1. To formulate a detailed risk management policy which shall include:
(a). A framework for identification of internal and external risks specifically faced by the listed entity, in particular including financial, operational, sectoral, sustainability (particularly, ESG related risks), information, cyber security risks or any other risk as may be determined by the Risk Management Committee;
(b).
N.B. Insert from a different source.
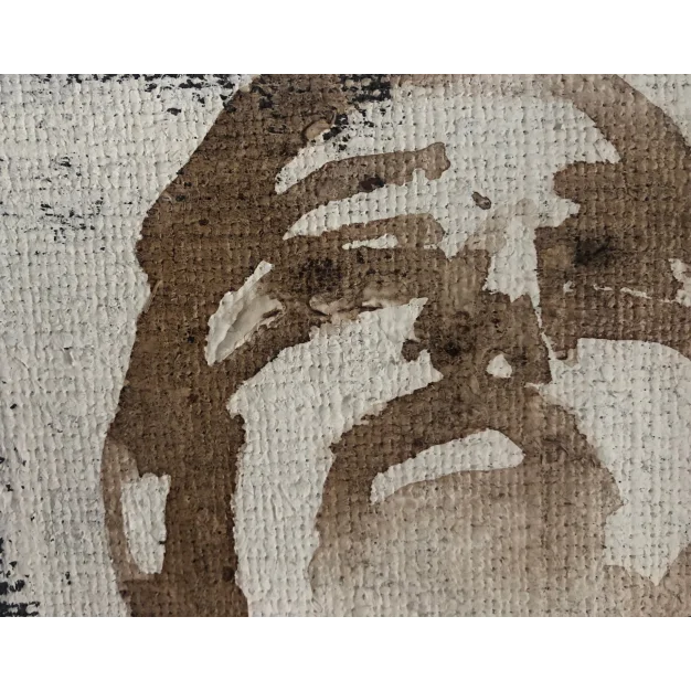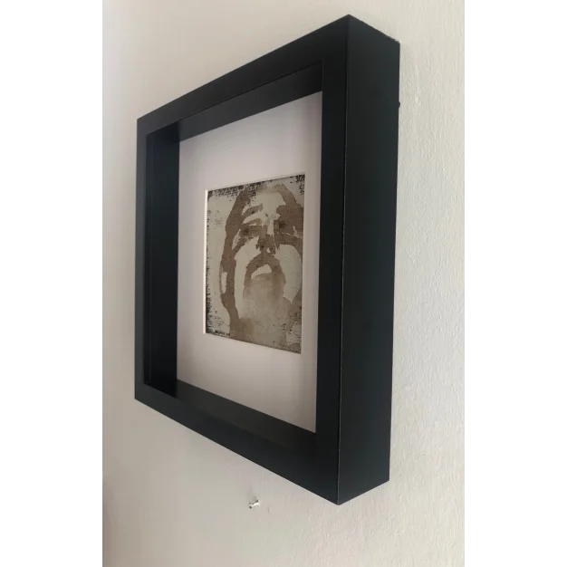 This framed work is painted with coffee with an underlayer of acrylic paint on a coarse linen canvas. The dimensions are 25 x 25 cm and 4.5 cm thick (this includes the passe-partout and black frame). The work itself is 12 x 12 cm. Dated and signed in 2018. Directly from the studio. If you want to see the work live, you are always welcome in Weert (NL).

Measures for risk mitigation including systems and processes for internal control of identified risks; and
2. Business continuity plan.
3. To ensure that appropriate methodology, processes and systems are in place to monitor and evaluate risks associated with the business of the Company;
4. To monitor and oversee implementation of the risk management policy, including evaluating the adequacy of risk management systems;
5. To periodically review the risk management policy, at least once in two years, including by considering the changing industry dynamics and evolving complexity;
6. To keep the board of directors informed about the nature and content of its discussions, recommendations and actions to be taken;
7. The appointment, removal and terms of remuneration of the chief risk officer (if any) shall be subject to review by the Risk Management Committee;
8. To attend to such other matters and functions as may be prescribed by the Board from time to time; and
9. Such other terms of reference as may be prescribed under the Companies Act, 2013 as amended and the Securities and Exchange Board of India (Listing Obligations and Disclosure Requirements) Regulations, 2015, as amended.
10. The Risk Management Committee shall coordinate its activities with other committees, in instances where there is any overlap with activities of such committees, as per the framework laid down by the board of directors.”